Home » Aviation, Breaking News » July air cargo demand stable but capacity gap remains—IATA

Global air freight traffic in July remained stable but below 2019 levels as severe lack of capacity weighed on airlines’ ability to meet demand, according to International Air Transport Association (IATA) data.

While there is some month-to-month improvement, it is at a slower pace due to the capacity constraint from the loss of available belly cargo space as passenger aircraft remain parked, noted IATA.

Global demand fell by 13.5% in July (-15.5% for international operations) compared to the previous year. This is a modest improvement from the 16.6% year-on-year drop recorded in June. Seasonally adjusted demand grew by 2.6% month-on-month in July.

Global capacity shrank by 31.2% in July (32.9% for international operations) compared to the previous year. This is a small improvement from the 33.4% year-on-year drop in June.

Belly capacity for international air cargo shrank by 70.5% in July compared to the previous year owing to the withdrawal of passenger services amid the COVID-19 pandemic.
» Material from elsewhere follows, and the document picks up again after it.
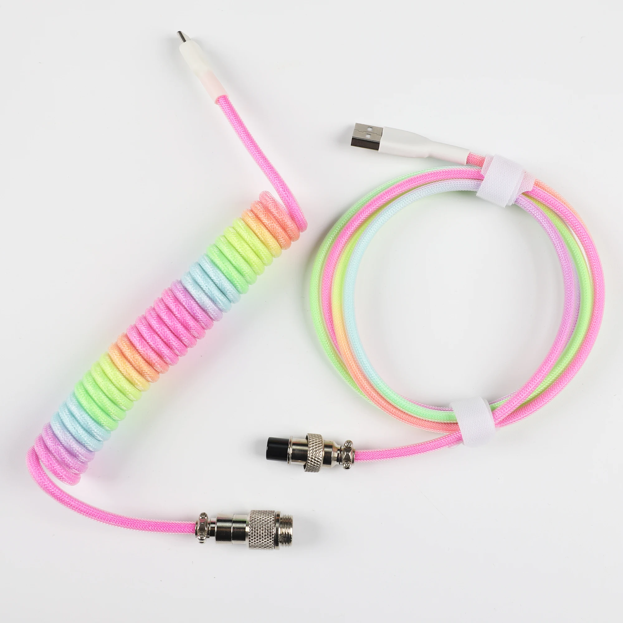 Comprar Rainbow Purple White Green Braided Type A to C Aviator Data Line 150cm Coiled Spring Cable For Keyboard Melody 96 KBD75

This was partially offset by a 28.8% increase in capacity through expanded use of freighter aircraft.

Economic activity continued to recover in July, reflected in the performance of the Purchasing Managers’ Index (PMI), an indicator of economic health in the manufacturing sector.

“Economic indicators are improving, but we have not yet seen that fully reflected in growing air cargo shipments. That said, air cargo is much stronger than the passenger side of the business. And one of our biggest challenges remains accommodating demand with severely reduced capacity,” said Alexandre de Juniac, IATA’s director general and CEO.

Regional performance

By region, Asia-Pacific airlines saw demand for international air cargo fall by 15.3% in July 2020 compared to the same period a year earlier. After a robust initial recovery in May, month-on-month seasonally adjusted demand growth has softened. International capacity decreased 32.0%.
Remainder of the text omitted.